TED Talk - “How To Gain Control Of Your Free Time”
Daily Resource / January 4th, 2023
“Looking at the whole of one’s time and seeing where the good stuff can go.”
I started taking goal setting seriously when I started teaching K-12. I had just completed a grad program in English and was just about to finish my second degree in education and I realized that I had not read for fun in years. My life was a mess of professional goals and obligations (conferences, new courses, lectures) and lists of books that I needed to read, not wanted to read. So, after a few adjustment months, I started reading for fun again.

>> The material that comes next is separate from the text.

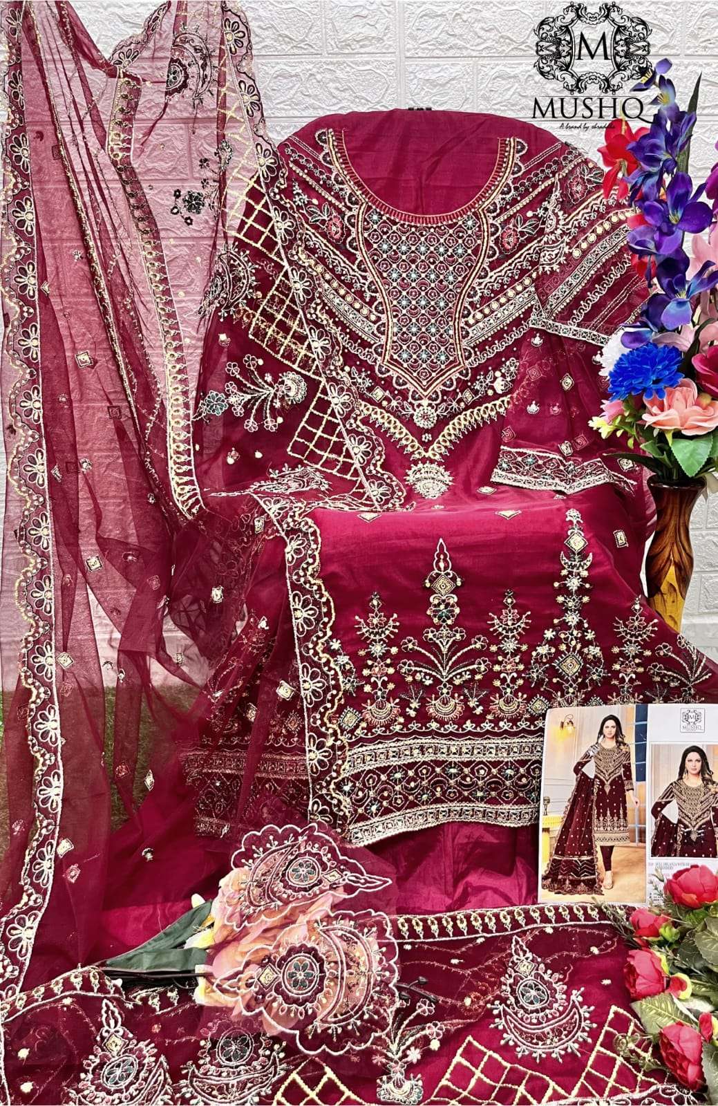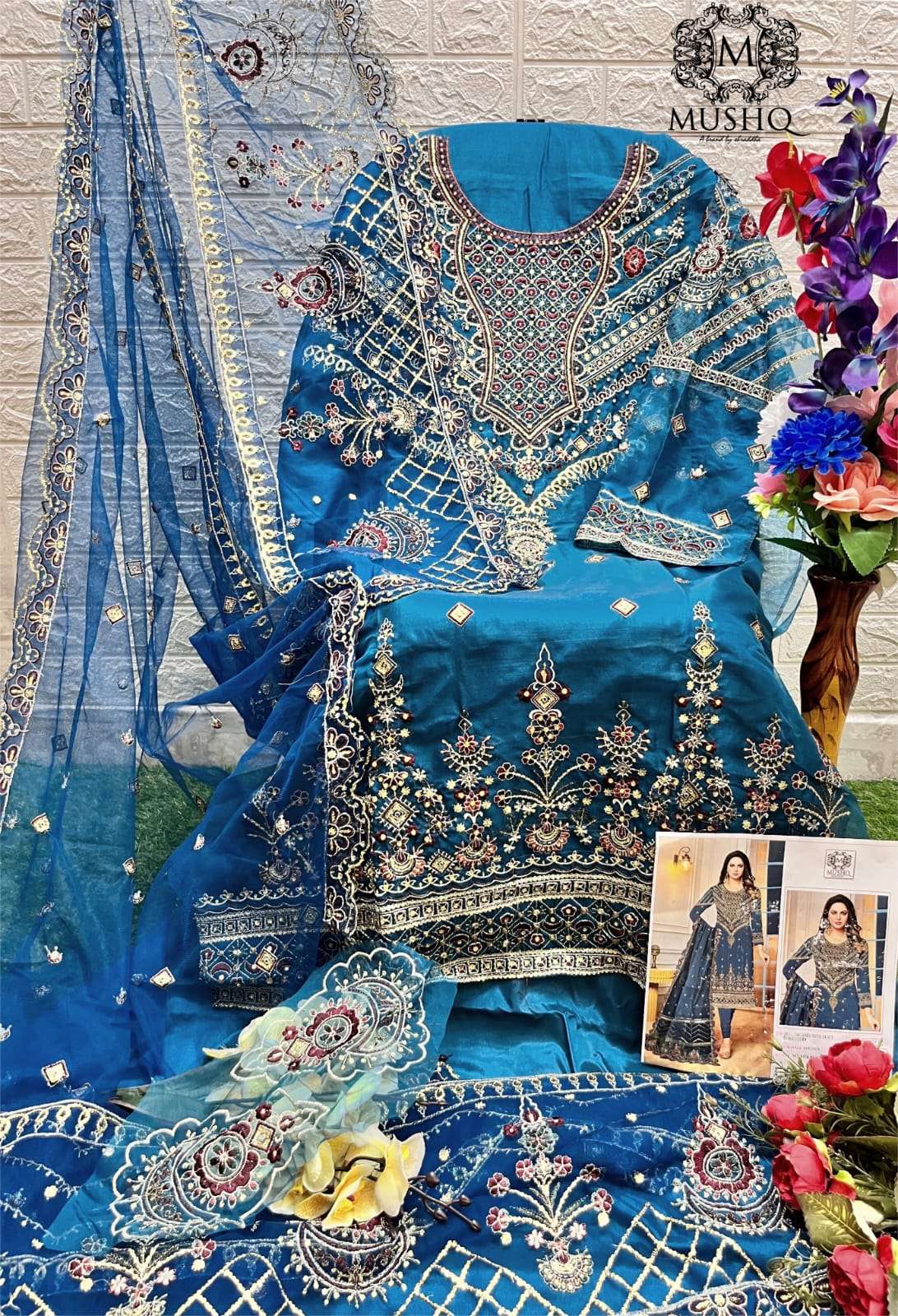 Title | MUSHQ M 277 WEDDING & EID SPECIAL ORGANZA FABRIC HEAVY WORK PAKISTANI SUIT WEAR |

The first book I can remember from this period is Liu Cixin’s The Three-Body Problem, a massive sci-fi epic. It was riveting. I remember being on crap overnight in the Denver Airport without a hotel room, but being completely happy because I was deep into the follow-up The Dark Forest. Over the course of the next few years, I prioritized my own reading, then started tracking it, set goals, and now I am reading more than I ever have.
Goals are important, but only if goals are spread across the different domains of our day-to-day life. Laura Vanderkam’s TED Talk is a great reminder of this. Deep in the talk, she challenges the audience to make a Friday list of 1-3 goals in three domains: professional, relationships, and personal. These goals are meant to be accomplished throughout the week when you can best achieve them so that they build up week-to-week towards a year that you can be proud of. She also, adeptly, points out that we have 168 hours in a week. After 40 hours of work and 56 hours of sleep, each of us has 72 or roughly 10 hours a day available on average. What you do with that time can provide joy and fulfillment in life.
So, at a time in the year when many of us are trying to set goals, often unmet, knowing when to put down time-filler and fill time with joyous activities even during the worst parts of our day can make the difference.